## Your assignment
In the data below, find the line containing "ストロングホールド ビニール絶縁被覆付圧着端子(丸形) 電線サイズ:AWG22~18/0.3~0.75sq" and the line containing "LACLOVER兰卡文暗夜天使系列网纱聚拢深V文胸LC11SG1", then reproduce them and every line between, exactly. Omit pictures.

## Exercise data
● ● ●

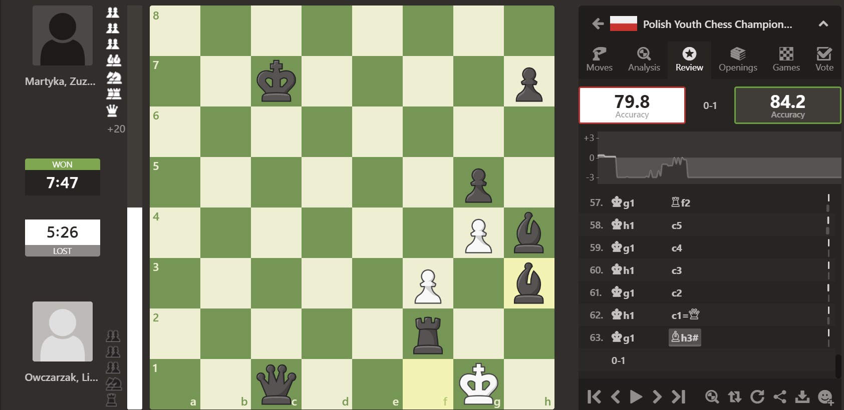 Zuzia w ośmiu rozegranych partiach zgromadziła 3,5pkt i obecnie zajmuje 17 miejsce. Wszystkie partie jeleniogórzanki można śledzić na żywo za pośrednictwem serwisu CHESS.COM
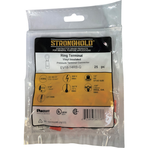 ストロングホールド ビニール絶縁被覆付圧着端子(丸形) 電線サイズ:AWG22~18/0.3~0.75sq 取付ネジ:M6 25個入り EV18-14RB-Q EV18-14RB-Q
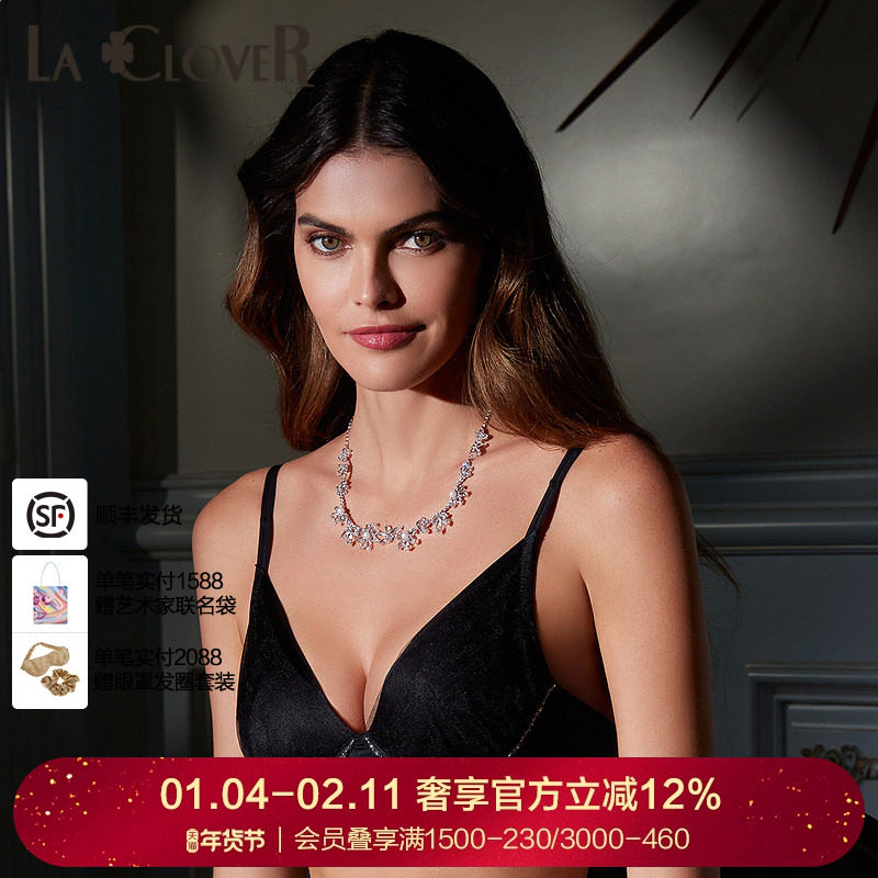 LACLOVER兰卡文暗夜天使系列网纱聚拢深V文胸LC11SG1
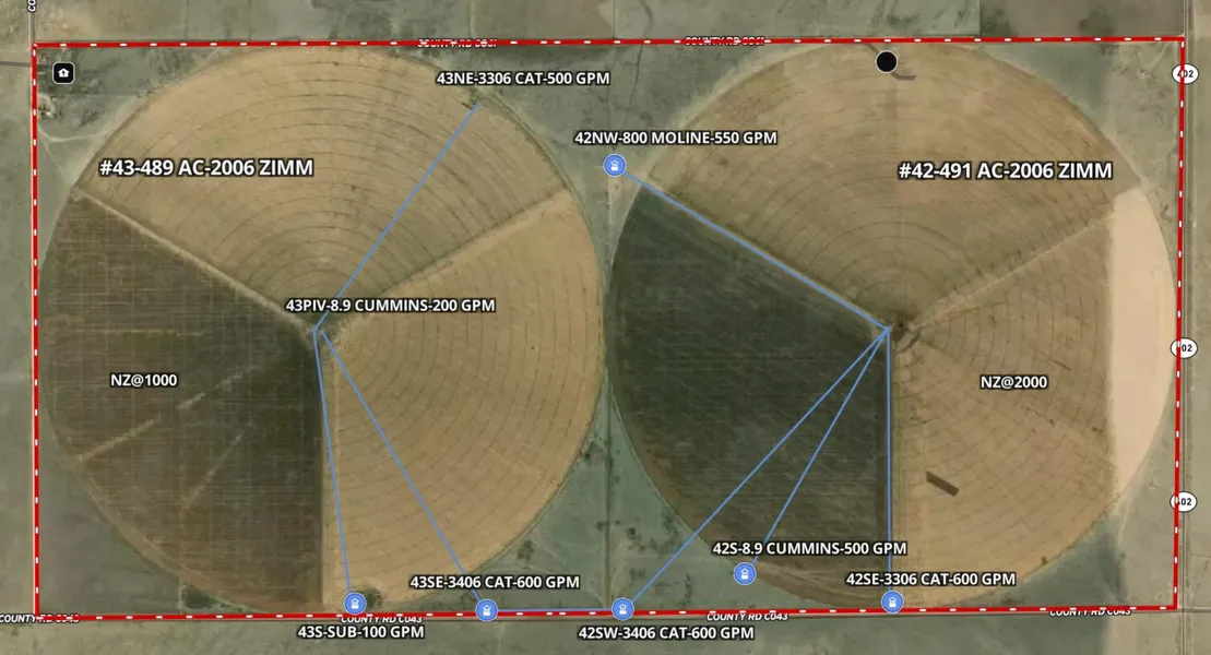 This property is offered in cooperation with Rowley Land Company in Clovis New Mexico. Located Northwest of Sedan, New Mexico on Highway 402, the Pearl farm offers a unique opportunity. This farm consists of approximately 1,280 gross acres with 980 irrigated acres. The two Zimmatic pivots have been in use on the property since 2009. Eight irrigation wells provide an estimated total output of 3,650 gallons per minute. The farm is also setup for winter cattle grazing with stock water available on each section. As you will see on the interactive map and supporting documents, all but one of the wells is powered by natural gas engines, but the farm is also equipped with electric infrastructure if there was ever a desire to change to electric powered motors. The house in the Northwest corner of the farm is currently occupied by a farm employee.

● ● ●

## Reply to the exercise
 ストロングホールド ビニール絶縁被覆付圧着端子(丸形) 電線サイズ:AWG22~18/0.3~0.75sq 取付ネジ:M6 25個入り EV18-14RB-Q EV18-14RB-Q
 LACLOVER兰卡文暗夜天使系列网纱聚拢深V文胸LC11SG1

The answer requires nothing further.